Will Ukraine Elections Stop USD/RUB Selloff?

Perhaps more than any other country, the market will be focusing on Russia. Like the countries mentioned below, high-impact economic reports, including Industrial Production and Retail Sales are on tap in Russia, but geopolitical concerns should remain the primary driver of trade this week. The latest news suggests that Russian President Putin has ordered troops near the Ukrainian border to withdrawal (again) ahead of Ukraine’s critical Presidential election on Saturday, though this pullback has not been verified by either NATO or the Pentagon.

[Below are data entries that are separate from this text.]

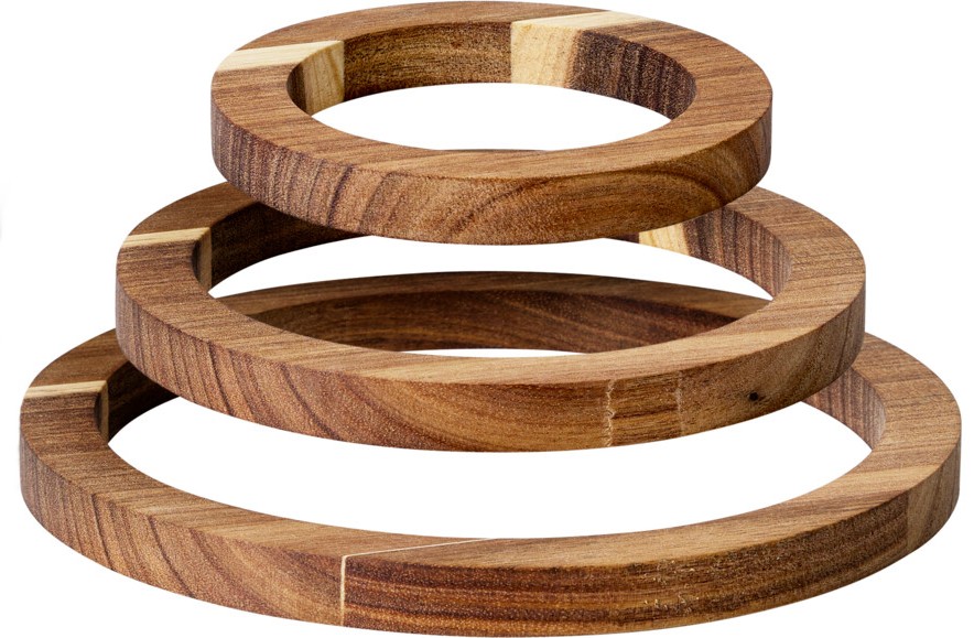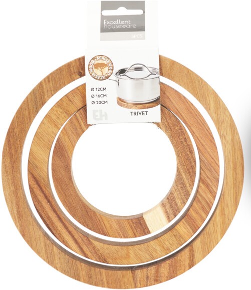 Zestaw trzech solidnych i eleganckich podkładek pod garnek wykonanych z naturalnego drewna akacjowego. Okrągły kształt oraz klasyczny design sprawiają, że doskonale pasują do każdej kuchni – zarówno nowoczesnej, jak i tradycyjnej.
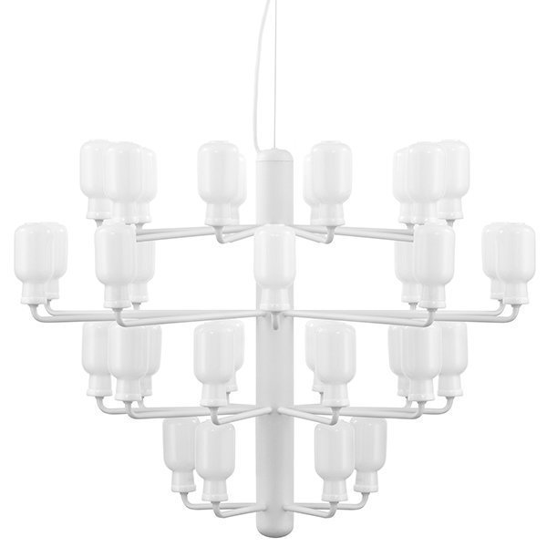 Simon Legaldin Normann Copenhagenille suunnittelema Amp-kattokruunu koostuu Legaldin Amp-lamppujen pienoisversioista sekä varrellisesta teräsrungosta, jotka yhdessä muodostavat lumoavan elementin esimerkiksi olohuoneen keskipisteeksi tai ruokapöydän ylle. Ilmeeltään Amp on hyvin moderni, mutta se huokuu samanaikaisesti nostalgista tunnelmaa. Kattokruunun lasiset varjostimet päästävät lävitsensä pehmeää valoa, joille marmorinen kanta ja teräsrunko luovat upean kontrastin. Amp-kattokruunua on saatavilla kolmessa eri värissä ja kahdessa eri koossa: pienempänä 15 lampun mallina sekä suurempana 35 lampun versiona, joka sopii erityisesti avarien huoneiden, korkeiden käytävien ja suurten julkisten tilojen katseenvangitsijaksi.
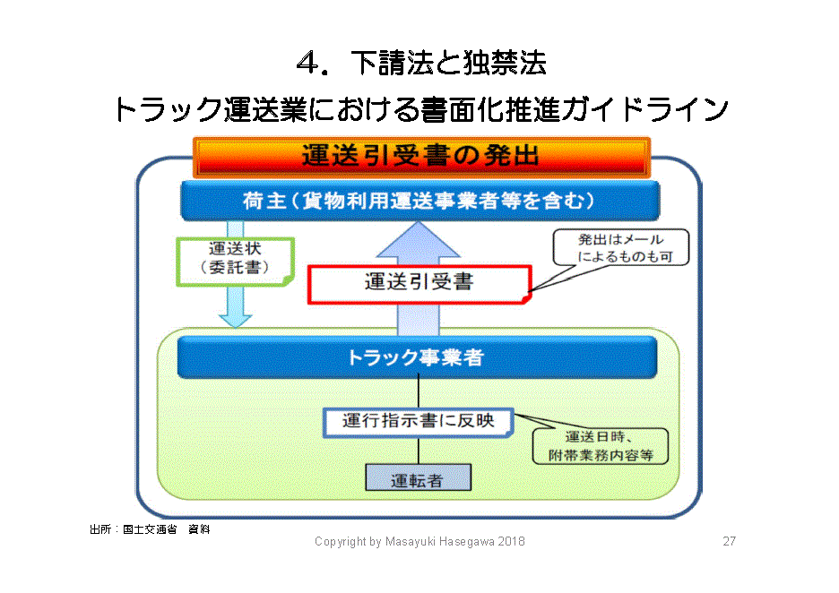 もう一つは、書面化の推進です。先ほどのような「東京から大阪から10トン車1台頼むよ」、「はい、わかりました」という電話だけでは、後から「言った、言わない」のトラブルもあり得ます。そこでメールでもよいので取引書面を取り交わしなさいというのが、「トラック運送業における書面化ガイドライン」です。「書面化ガイドライン」は7割くらい普及していると言われています。
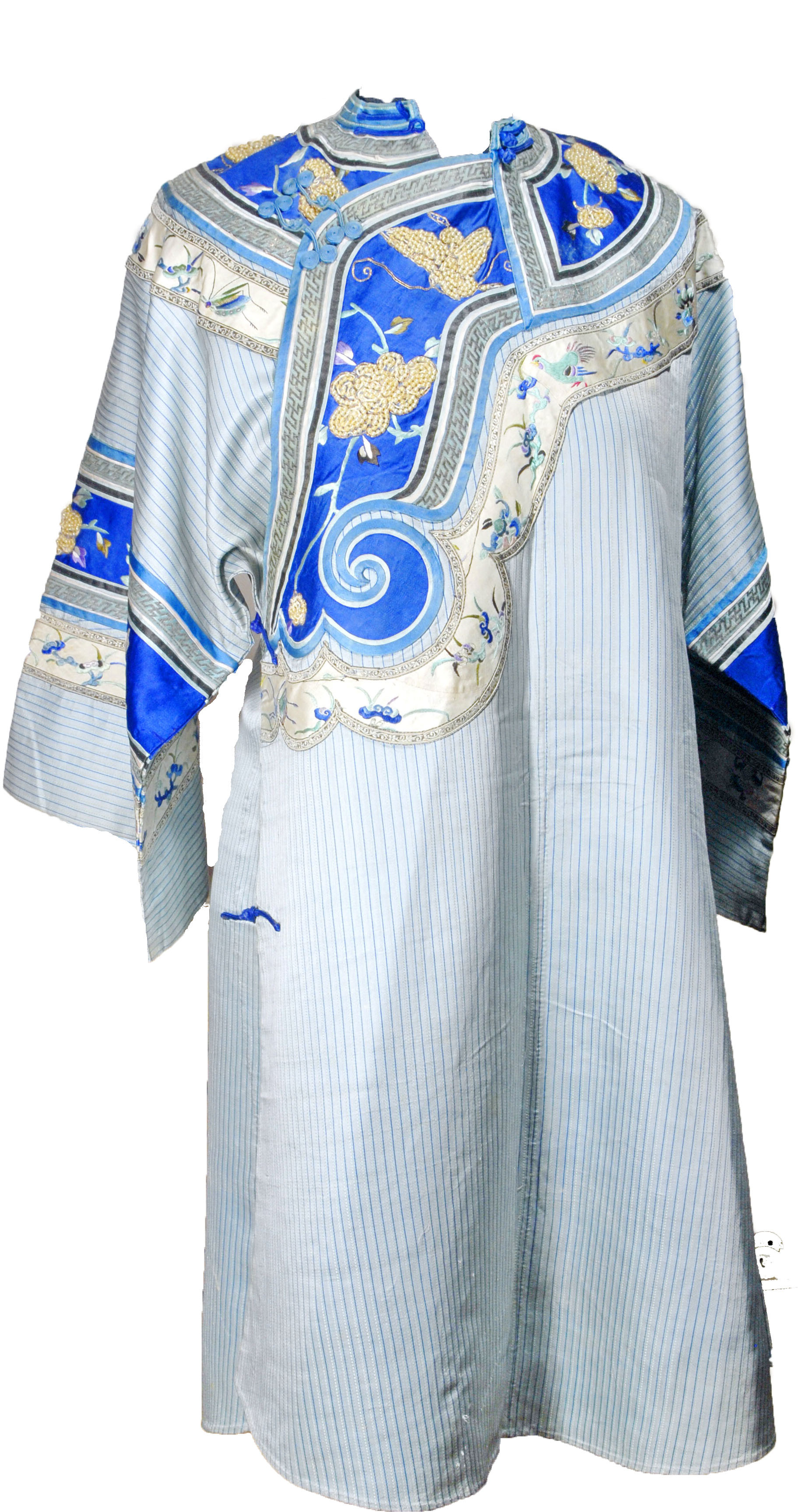 Забруднена в місцях згинів та коміра з вивороту. Прорив на спині, січення шовку, невеликі плями, втрачено перлини.,
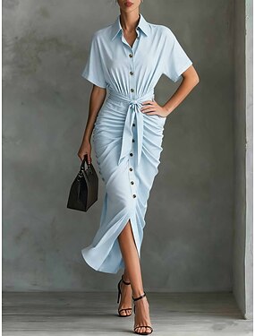 Per donna Abito maxi Abito Camicia Elegante Casual Feste Vestibilità comoda Semplice Manica Corta Colletto a Camicia Blu Nero Rosa Verde Estate Primavera
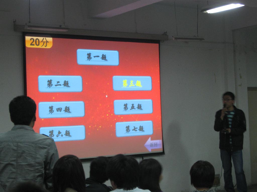 出席本次活动的有系团总支书记陈卓老师、社团联合会主席和兄弟社团的社长、参赛的七个代表队及200余名员工。本次知识竞赛共分必答题、抢答题、风险题和观众互动四个环节。本次知识竞赛主要中涉及中国共产党的基本知识、两会基本知识以及一些政治与历史的基本常识。
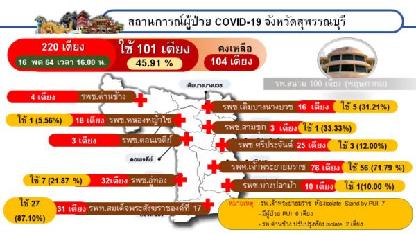 ส่วน Local Quarantine Suphanburi แห่งที่ 2 ข้อมูล ณ วันที่ 16 พฤษภาคม 2564 เวลา 18.00 น. จำนวนห้องพักทั้งหมด 38 ห้อง พักใช้เพื่อทำลายเชื้อ 1 ห้องใช้ได้ 5ห้อง ขณะที่ Local Quarantine Suphanburi แห่งที่ 1 อยู่ระหว่างการปรับปรุง
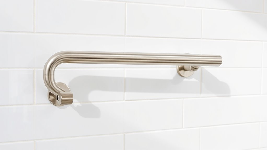 Cleaning stainless-steel grab bars is a breeze—just wipe them down with a soft cloth and a mild soap solution. I avoid harsh chemicals that could tarnish their shine. To keep them looking new, I polish with a stainless-steel cleaner occasionally. Remember, a little regular maintenance keeps your grab bars shiny, rust-free, and ready to save the day—because who doesn’t want their safety gear to sparkle?
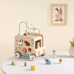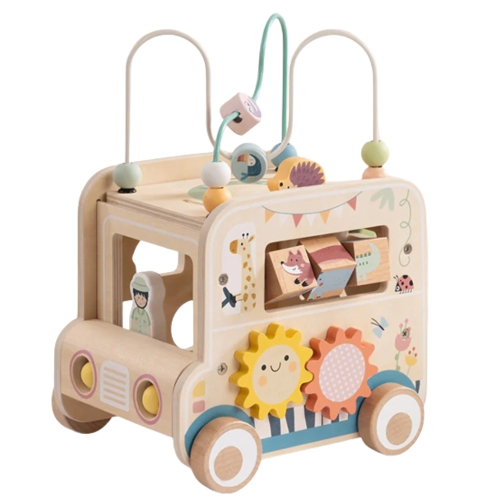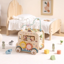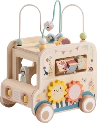A fa aktív kocka/szafari autó számtalan felfedeznivalót kínál. A levehető motorikus huzalozott pályától a gyöngyökkel, a labirintuson és a fogaskerekeken át egészen az állatos forgó blokkokig – minden oldal új kihívást tartogat. A finom színek és a sima kidolgozás biztonságos játékot és készségfejlesztést támogat.
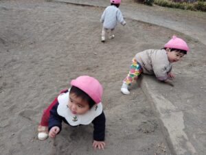 しばるく坂になっている砂場の様子をうかがっていて、お友だちが入ると続いて砂場に足を入れていましたよ😁
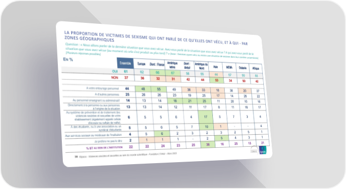 LA PROPORTION DE VICTIMES DE SEXISME QUI ONT PARLÉ DE CE QU'ELLES ONT VÉCU, ET À QUI - PAR ZONES GÉOGRAPHIQUES Question : « Nous allons parler de la dernière situation que vous avez vécue. Avez-vous parlé de la situation que vous avez vécue ? A qui avez-vous parlé de la situation que vous avez vécue (au moment où cela s'est produit ou plus tard) ? » (base : Femmes ayant vécu au moins une situation de sexisme dans leur carrière universitaire) [Plusieurs réponses possibles] EN% Ensemble Europe Dont : France Amérique Dont : Amérique du Asie MENA Océanie Afrique latine Brésil Nord OUI 61 62 66 67 56 55 44 57 50 55 NON 37 36 32 31 42 44 53 34 50 42 A votre entourage personnel 44 48 55 49 36 33 18 38 20 37 A d’autres personnes 25 26 26 23 19 25 17 14 28 22 Au personnel enseignant ou administratif 14 13 14 18 21 25 11 20 10 16 Directement à la personne ou aux personnes 13 13 14 12 11 17 8 11 18 17 à l’origine de la situation Au système de prévention et de traitement des violences sexistes et sexuelles de votre 6 5 5 6 4 17 5 7 3 4 établissement (également appelé cellule d'écoute ou cellule de veille). À des étudiants, ou à une association ou un 5 5 6 5 7 10 1 - - 4 syndicat d'étudiants Aux services sociaux ou médicaux de l'institution 4 5 6 2 3 2 3 2 5 1 Je préfère ne pas le dire 2 1 1 1 - 2 5 4 3 1 AUSEINDELINSTITUTION % ST ' 22 22 24 23 25 36 16 25 15 21 38 ©Ipsos - Violences sexistes et sexuelles au sein du monde scientifique - Fondation L'Oréal -- Mars 2023

Given the proximity of the elections and the ongoing violence, the situation remains highly volatile and traders are pricing in a premium for this political uncertainty. If the elections go off without any major hitches, we may see a risk-on tone as traders grow more confident, whereas any abnormalities or the prospect of further violence could keep the lid on risk-based trades heading into next week.

 

 

Source: FOREX.com 

Looking specifically to the USD/RUB, the pair has ratcheted lower over the last few weeks on falling US yields and fading headlines out of Ukraine. On a technical basis, the pair is currently trading at a 4-month low after breaking below its symmetrical triangle pattern two weeks ago. The RSI remains in a clear downtrend, and the MACD is trending lower below its signal line and the “0” level, showing that the bears remain firmly in control as we go to press.

From here, the next levels of support to watch are the 61.8% Fibonacci retracement at 34.15, the 200-day MA at 33.83, and the 78.6% Fibonacci retracement at 33.41. Meanwhile, previous support at 34.90 may provide resistance on any bounces, and only a conclusive break back above that level would shift the near-term bias to the topside moving forward.